Soon after the introduction of such choice problems it became clear that people often do not decide “rationally” in this sense of optimality. Therefore, researchers proposed alternative models of human choice behavior. A first idea was that the monetary gains of a gamble do not necessarily represent their subjective value for the decision maker. Accordingly, utility functions were introduced (Bernoulli, 1954) that transform monetary gains into utilities, i.e. subjective values reflecting the amount of satisfaction the gains will eventually produce. By substituting the monetary values of a gamble by their utilities, as assumed in the Expected Utility (EU) theory (von Neumann and Morgenstern, 1944), the expected utility can be computed for each option, and a decision is considered as optimal, if the option with the highest result was chosen. However, even EU theory could not satisfactorily account for some aspects of human choice behavior. Therefore, in their Prospect Theory (PT), Kahneman and Tversky (1979) assumed, among others, that the probabilities within a gamble have also to be transformed to represent systematic subjective distortions (e.g., underestimation of small probabilities).

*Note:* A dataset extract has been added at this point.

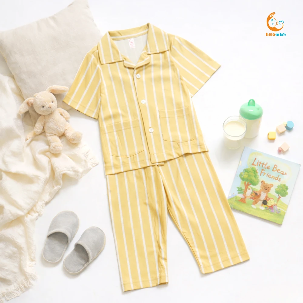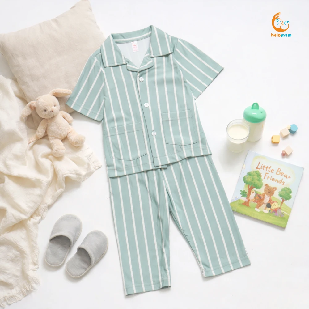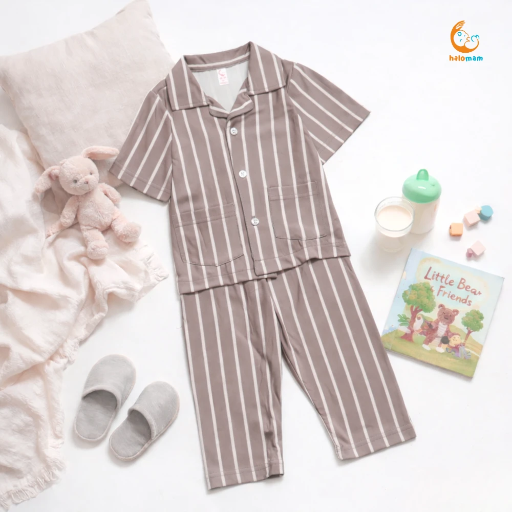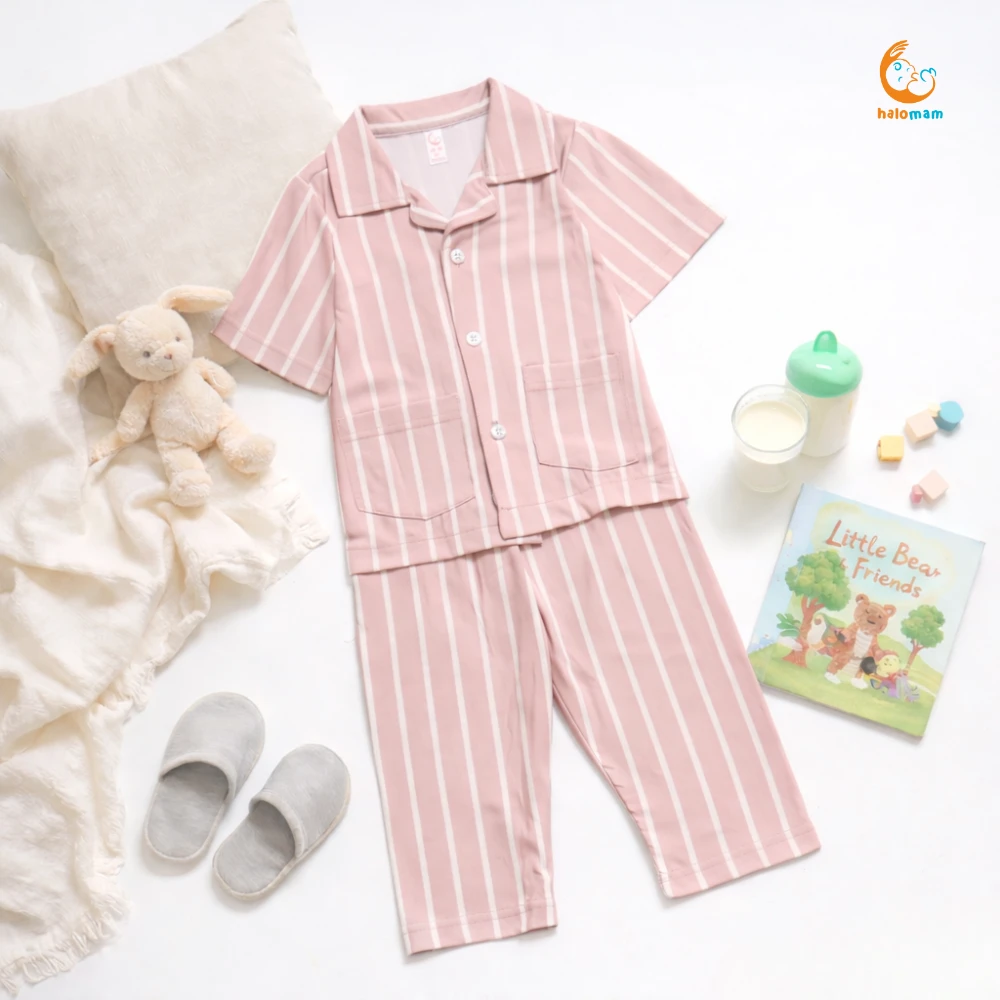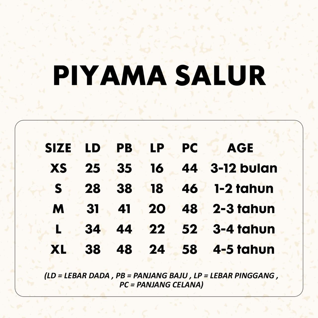 #Note# #Silahkan chat admin terlebih dahulu ya mom untuk menanyakan ketersediaan barang ada atau tidaknya karena produk yang sudah di checkout TIDAK dapat di CANCEL ^^ terima kasih mom sudah baca deskripsi dengan baik PIYAMA SALUR Yeay yang udah pada nungguin koleksi setelan by halomam sudah ready ya moms ^.^ Bikin waktu tidur dan santai si kecil makin nyaman dengan piyama salur ini. Dibuat dari bahan lembut, adem, dan ringan, cocok banget dipakai sehari-hari. Motif garis salur klasik yang timeless, bikin anak tampil gemas meski hanya di rumah. Berikut detail sizenya ya moms: 3-12 bulan : Rekomendasi size XS/S 12-24 bulan : Rekomendasi size S/M 2-3 tahun : Rekomendasi size M/L 3-4 tahun : Rekomendasi size L/XL 4-5 tahun : Rekomendasi size XL XS : LD 25 cm, PB 35 cm , LP 16 cm , PC 44 cm S : LD 28 cm , PB 38 cm , LP 18 cm , PC 46 cm M : LD 31 cm , PB 41 cm , LP 20 cm , PC 48 cm L : LD 34 cm, PB 44 cm , LP 22 cm , PC 52 cm XL : LD 38 cm , PB 48 cm , LP 24 cm , PC 58 cm keterangan: LD : Lebar Dada PB : Panjang Baju LP : Lebar Pinggang PC : Panjang Celana Toleransi size +- 1-2cm Tersedia warna yang super kece banget ya moms! untuk rekomendasi usianya 3 Bulan - 5 tahun nih mam, cuss langsung aja kepoin dan checkout karena stok terbatas banget momy :(

Obviously, these models assume that all relevant information for finding an optimal choice is available. Accordingly, they were mostly tested in so-called description-based decision studies, where fully described gambles are presented once (e.g., Hertwig et al., 2004). For many decisions, however, one rarely knows all relevant facts (e.g., Simon, 1955). Therefore, experience-based decision studies have also been conducted, where gambles, like the Iowa Gambling Task (IGT; Bechara et al., 1994), are described only partially but administered repeatedly. Obviously, in these studies part of the participants' task is to learn and/or infer the defining probabilities and values of a gamble from the feedback of gains and losses.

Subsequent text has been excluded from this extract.